Both pages are in theory relevant to each other. But because URL B is more specific, it will make sense for URL A to link to URL B. But this is only the case if the anchor text suggestions are about any kind of care products for dogs.
If the anchor text is more about dogs as pets and dogs in general, then it will make more sense for URL B to link to URL A. Hence that URL A goes more in-depth with dogs in general.
This will also be reflected in the LRS that will be given between the two pages which are displayed in the Link Relevance Scheme below:
Final words
Relevance has been a term that has been virtually absent in the SEO industry for many years, but as Google expands their understanding of text and the context of search queries, it also calls for higher awareness of relevance from us marketers.

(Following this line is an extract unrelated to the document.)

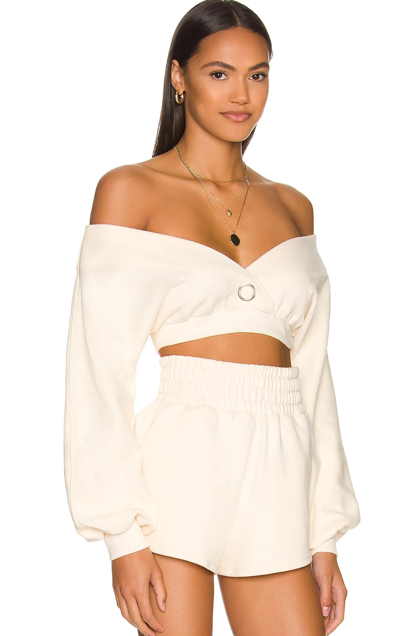 100% cotton.Made in USA.Machine wash.Singular front snap button closure.Off shoulder styling.French terrycloth fabric.Item not sold a set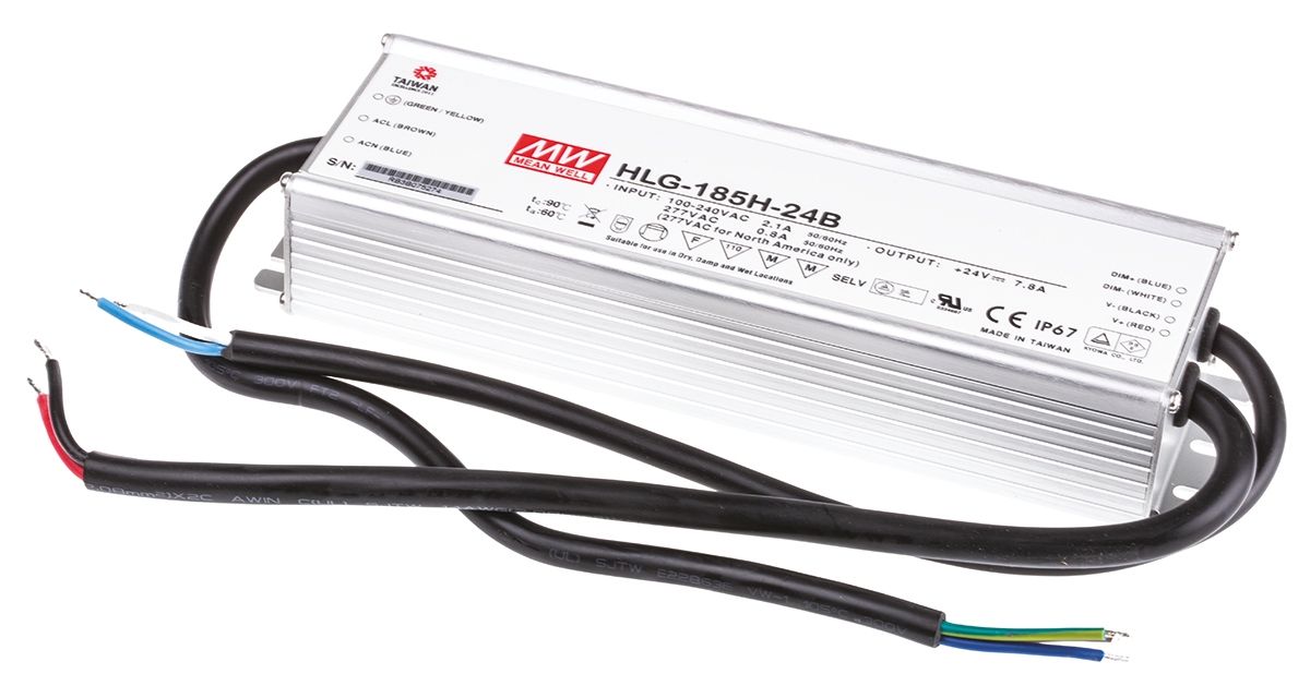 This is Constant Current 1-10 V PWM Resistance LED Driver 187.2W 24V 7.8A manufactured by Mean Well. The manufacturer part number is HLG-185H-24B. Additionally, the product is supplied with 1 outputs. Additionally, it has a/an led driver type LED driver . Additionally, its diming operation is 1-10 v pwm resistance . It carries 7.8a output current. It is IP rated with ip67. Moreover, the product has a nominal 127 → 370 v dc, 90 → 264 v ac voltage rating. It has ac, dc input voltage. The product offers a maximum 187.2w output power . It is dimmable yes . Features a 24v output voltage. It allows to operate using constant current. Its input voltage is 127 → 370 v dc, 90 → 264 v ac.

Many of the giants of the current SEO tools have not been good enough to keep up with the changes that relevance will bring, which also provides fertile ground for new emerging companies who understand the change that the SEO industry is facing and develop tools that solve the challenges, which we marketers are going to face.
When it comes to relevance and backlinks, Tabtimize in particular has taken the lead and really made a tool that benefits all marketers who do link building. There is no longer a need for countless hours spent on researching relevant link opportunities and marketers can now start working with scaling in their efforts with relevance in link building. All this thanks to the Link Relevance Score.